Futures prices of ultra low sulfur diesel on the CME commodity exchange are down about 17 cents a gallon since April 15, settling Monday at $2.4871. But the retail price as reflected in the DOE/EIA number is down about 23 cents a gallon. 

Some of that difference is the normal lag of retail prices from before April 15. But a factor also is the continued weakness in physical prices, which in some markets are falling faster than declines in the CME benchmark. Those declines show up more rapidly in wholesale prices before making it down to the pump.

The physical diesel market in the U.S reflects a cents-per-barrel price for diesel either on a barge or pipeline, and prices are showing either flat numbers or weakness, helping to push retail prices down more than declines in the futures price.

Physical diesel prices in key markets such as the U.S. Gulf Coast or New York Harbor have not moved much. But on the Buckeye Pipeline system, which serves parts of the Midwest and mid-Atlantic market, the spread between physical barrels and CME ULSD was negative 22 cents a gallon on Monday after being negative 6 cents on May 7, according to data from DTN.
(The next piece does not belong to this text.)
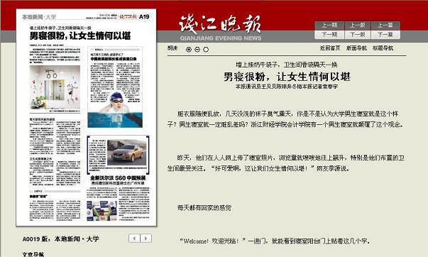 此版报纸一出,立即引起了社会各界的轰传,19楼、淘宝、各个大学的新闻论坛争相转载与评论,目前,他正以飞快的速度影响社会各界。这充分证明了寝室在学习型公寓建设中取得了突破性进展,充分肯定了公司的学习型公寓建设。公司的公寓建设正在不断完善发展,并不断涌现新的惊喜。 《钱江晚报》在12月23日的报纸中大篇幅地报道了此项新闻,原文如下: 墙上挂奶牛袋子,卫生间香袋隔天一换 男寝很粉,让女生情何以堪 本报通讯员 王贝贝 陈琳 井冬梅 本报记者 袁春宇 脏衣服随便乱放,几天没洗的袜子臭气熏天,你是不是认为大学男生寝室就是这个样子?男生寝室就一定脏乱差吗?浙江财经公司永利yl23411官网有一个男生寝室就颠覆了这个观念。 昨天,他们在人人网上传了寝室照片,浏览量就嗖嗖地往上飙升,特别是他们布置的卫生间最受关注。“好可爱啊,这让我们女生情何以堪!”网友季源说。 每天都有回家的感觉 “Welcome!欢迎光临!”一进门,就能看到寝室阳台门上贴着这几个字。 再往墙上看,樱桃图案的墙纸,还点缀着卡通海报。创意寝室的主人之一黄耀东告诉记者:“白色的墙容易脏又不好看,有了这些墙纸能使寝室变得雅致不单调,一举两得。” 机器人墙贴装饰的插座旁,“WATCH OUT!HEY!”提醒使用者小心电。如此安全可爱又时尚的设计,让许多女生都很羡慕。 “我最得意的部分就是这个地方了。”黄耀东指向寝室右面的墙,在“I love my home”的英文四周,几个小人将寝室四个人的照片“挤”在一起,旁边配有他们各自的卡通贴纸。“寝室要住4年呢,它就是我们的家。这样一装饰,每天都有回家的感觉。” 寝室进门有一个大衣柜,“我们喜欢内衣外衣分开放,门口的大箱子是用来放外套的。”现在男生越来越讲究了,对衣服的放法还有一套,连不少女生也没这些习惯。 在每个人的桌上还有一只迷你袖珍架,放些插头、数据线、本子。“这样方便打扫,每次检查卫生都不会像其他寝室一样手忙脚乱。”同寝室的毛文东说。在墙上4名男生还摆放了创意小夜灯,晚上熄灯后会发出彩色的光。“这个只有在特殊时期才用的。比如临考试、拜春哥。”毛文东笑道。 卫生间是得意之作 卫生间的瓷砖上,鱼形的PVC墙贴欢快地吐着泡泡,俏皮的黑色脸型卡通,十分别致。室友张彬浩说:“看着这些,洗澡都是种享受。” 卫生间的墙上还有创意纸巾抽、奶牛袋子,这使他们的生活变得格外便利。 黄耀东介绍说,卫生间是他们花功夫最深的地方,买了10幅贴纸,陆续花了2个晚上,室友齐上阵,共建了这个“美好卫生间”。 更值得一提的是,他们寝室还有一股淡淡的芳香,是清香剂吗?黄森说:“不仅有清香剂,还有香袋,卫生间、外面都有放,每隔几天更换一次。”这些男生说,他们也喜欢周围被香气包围。 创意寝室建设总耗资500元,东西都是4个男生网购的,挑的都是既便宜又时尚的装饰品。目前,他们的寝室设计更是有了蝴蝶效应,带动了同幢楼一帮男生,临近的寝室为赶超,还买了据称是“非常豪华的地毯”,张彬浩说:“跟饭店一样,巨惊人。”

In Chicago, a negative 24-cents-per-gallon spread was 4 cents stronger Monday than Thursday, but the spread was negative 6.5 cents a gallon May 6. In Group 3, which covers several Midwest states, a negative 15.25-cents-per-gallon spread contrasted with a negative 5.5-cent spread May 3.

A wide range of other data continues to send signals that diesel markets are either holding back any upward movement in the price of crude or are trading at a spread to crude that is stuck in a tight trading range.
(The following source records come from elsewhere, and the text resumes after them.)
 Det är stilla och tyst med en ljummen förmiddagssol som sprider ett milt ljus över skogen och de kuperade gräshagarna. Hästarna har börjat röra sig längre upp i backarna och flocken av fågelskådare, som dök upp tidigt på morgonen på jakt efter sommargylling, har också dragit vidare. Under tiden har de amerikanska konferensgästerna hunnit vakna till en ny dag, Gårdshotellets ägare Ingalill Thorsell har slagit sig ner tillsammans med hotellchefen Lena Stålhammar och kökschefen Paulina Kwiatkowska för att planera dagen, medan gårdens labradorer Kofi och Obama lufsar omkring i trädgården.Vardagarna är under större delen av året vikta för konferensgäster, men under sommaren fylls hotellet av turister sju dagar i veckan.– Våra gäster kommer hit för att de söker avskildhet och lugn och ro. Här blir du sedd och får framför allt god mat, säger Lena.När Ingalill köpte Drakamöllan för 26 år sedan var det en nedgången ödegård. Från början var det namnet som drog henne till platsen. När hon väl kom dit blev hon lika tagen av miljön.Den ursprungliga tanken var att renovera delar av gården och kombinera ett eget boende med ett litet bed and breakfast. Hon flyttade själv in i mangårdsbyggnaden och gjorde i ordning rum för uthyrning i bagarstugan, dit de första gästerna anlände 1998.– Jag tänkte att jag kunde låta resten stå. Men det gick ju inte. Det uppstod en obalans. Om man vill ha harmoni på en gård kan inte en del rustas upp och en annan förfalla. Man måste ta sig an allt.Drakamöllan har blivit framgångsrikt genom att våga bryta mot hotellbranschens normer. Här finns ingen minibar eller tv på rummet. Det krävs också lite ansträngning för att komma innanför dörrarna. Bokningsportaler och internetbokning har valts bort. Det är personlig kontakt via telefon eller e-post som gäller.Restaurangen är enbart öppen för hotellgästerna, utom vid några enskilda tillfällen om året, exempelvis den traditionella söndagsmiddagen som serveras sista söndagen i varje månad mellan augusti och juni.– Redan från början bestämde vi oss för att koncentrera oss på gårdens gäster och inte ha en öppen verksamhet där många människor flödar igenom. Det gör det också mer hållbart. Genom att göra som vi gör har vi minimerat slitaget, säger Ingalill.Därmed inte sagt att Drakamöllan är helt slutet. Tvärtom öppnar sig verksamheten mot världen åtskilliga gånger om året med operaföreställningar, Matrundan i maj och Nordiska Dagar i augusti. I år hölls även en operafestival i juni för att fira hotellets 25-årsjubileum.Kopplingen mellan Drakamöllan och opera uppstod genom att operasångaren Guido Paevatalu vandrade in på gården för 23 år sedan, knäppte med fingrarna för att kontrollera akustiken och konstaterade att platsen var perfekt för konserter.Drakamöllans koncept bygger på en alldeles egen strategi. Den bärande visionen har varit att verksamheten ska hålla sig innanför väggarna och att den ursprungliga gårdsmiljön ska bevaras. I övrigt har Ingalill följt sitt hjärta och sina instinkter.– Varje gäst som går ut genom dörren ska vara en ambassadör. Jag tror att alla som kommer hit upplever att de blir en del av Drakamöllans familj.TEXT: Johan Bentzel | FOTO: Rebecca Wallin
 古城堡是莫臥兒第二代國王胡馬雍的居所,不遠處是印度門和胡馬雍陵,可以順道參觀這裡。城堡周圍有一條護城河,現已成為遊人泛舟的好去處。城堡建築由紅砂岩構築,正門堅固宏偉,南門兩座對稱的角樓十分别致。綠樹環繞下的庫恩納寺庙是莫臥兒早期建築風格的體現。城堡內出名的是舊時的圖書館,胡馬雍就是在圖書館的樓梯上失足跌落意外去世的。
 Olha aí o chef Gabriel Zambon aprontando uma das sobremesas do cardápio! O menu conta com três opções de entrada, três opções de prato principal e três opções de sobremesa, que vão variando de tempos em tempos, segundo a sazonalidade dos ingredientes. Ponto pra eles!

A simple comparison between the price of ultra low sulfur diesel and world crude benchmark Brent shows that the differential has moved little, in a range of roughly $19 to $20.50/barrel since the start of May. The average spread for March and April was about $24.30/b..

Crude also has essentially gone nowhere this month. Brent settled at $83.44 a barrel May 1. Since then, the high settlement was $83.88 a barrel on May 9, and the low settlement was $82.38 Wednesday. On Monday, the settlement was $83.71.
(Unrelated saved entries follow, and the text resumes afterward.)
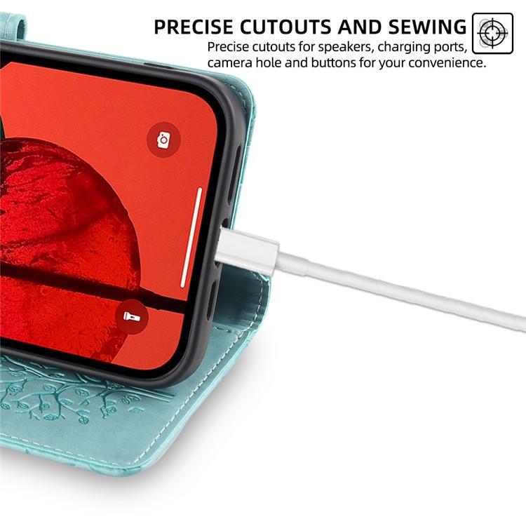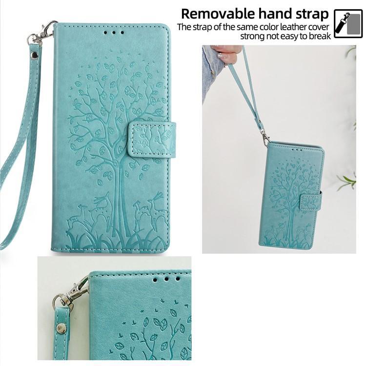 Funda de piel con relieve de árbol y ciervo para iPhone 17 (verde)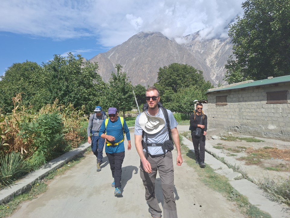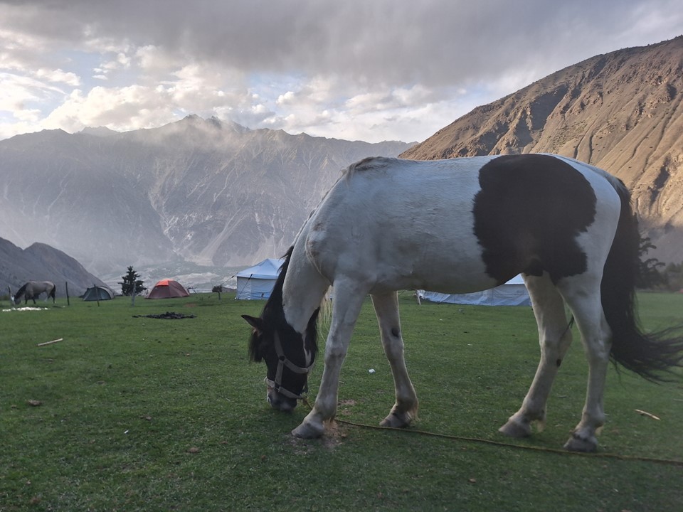 We set off from Minapin early the next morning. Ahsan, a young guide starting out his career with Hunza Guides, joined us for this hike. Unlike Nanga Parbat, where we’d be staying in chalets, this hike required tents and sleeping bags. I insisted on carrying my own sleeping bag, although my tent went up with the horse, so I was still arguably cheating.
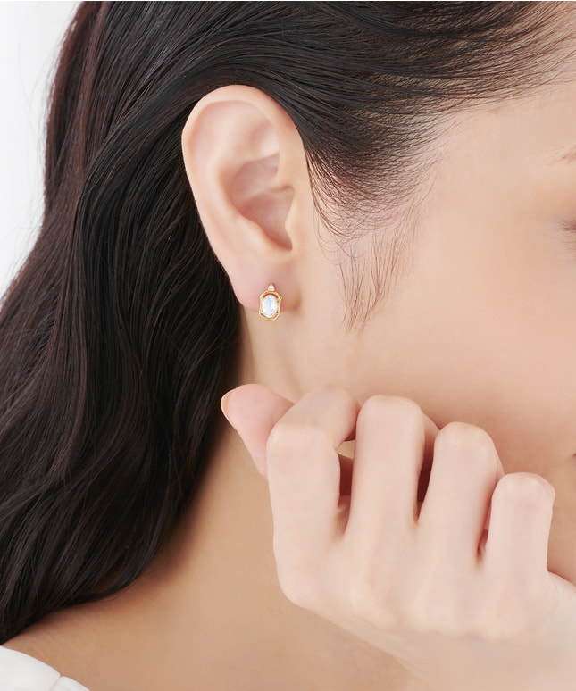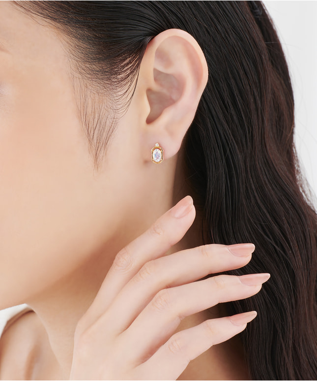 特別な記念日やお守りとして身に着けたい誕生石ジュエリー。石を包み込むように縁取られたゴールドのアウトラインはフォトフレームをイメージし、セッティングする石によってフォルムを変えデザインしたこだわりのシリーズ。優しいニュアンスカラーが特徴のムーンストーンをゴールドのラインで縁取り、凛とした美しさを演出。大切な人への贈り物としてもおすすめのピアスです。■同シリーズのアイテムはこちら※天然石を使用しているため、ストーンの色や柄は一つ一つ異なる場合がございます。■様々なタイプのキャッチをご用意しております。ラインナップはこちら※全国のフェスタリア系列店舗にてクリーニングやアフターメンテナンスを承ります。

During that time, the front structure of the ULSD market on CME has fallen into contango, with the second-month price higher than the first-month price, a reversal of the opposite structure known as backwardation. Contango incentivizes building inventories; backwardation discourages putting a commodity — of any kind — in storage. But even with that small contango developing in ULSD, the data so far does not show any notable increase in U.S inventories of ULSD.

Inventories as measured by the weekly EIA statistics do not show a big increase in stocks that are weighing on the market.

Inventories of ULSD have been in a range of 106 million to 108 million barrels since the beginning of March.

But inventories are not just in the U.S. In his weekly report, energy economist Philip Verleger sees global stocks as putting downward pressure on product prices.

“Data on product inventories indicate a well-supplied market,” Verleger said, speaking of all petroleum products, not just diesel. “High interest rates prevent stock building. The historical data on product market behavior, given the inventory situation, indicate that product prices will likely weaken relative to crude and thus will not be creating upward pressure on the latter.”

In the report, released Sunday, Verleger looked at oil markets and concluded that weak gasoline and diesel markets were likely to hold back any significant upward move in crude prices.

Among the reasons he cited:

  • “Increased diesel exports from the Middle East to Europe will also limit upward pressure on refining margins.” While data on production from OPEC+ countries suggests the big suppliers like Saudi Arabia and the United Arab Emirates are sticking to their output cuts, “Saudi Arabia and the UAE are shipping products to Europe to maximize revenues. Production quotas accepted by oil-exporting nations do not cover products.”
  • Chinese exports of distillate such as diesel are putting downward pressure on diesel prices. Citing reporting by Argus Media, Verleger said there has been an increase in the allowable distillate exports from Chinese refiners because refining margins in China are so poor. Also citing Argus, Verleger wrote that “a product surplus pervades the Asia-Pacific market, leaving margins across the region very low.”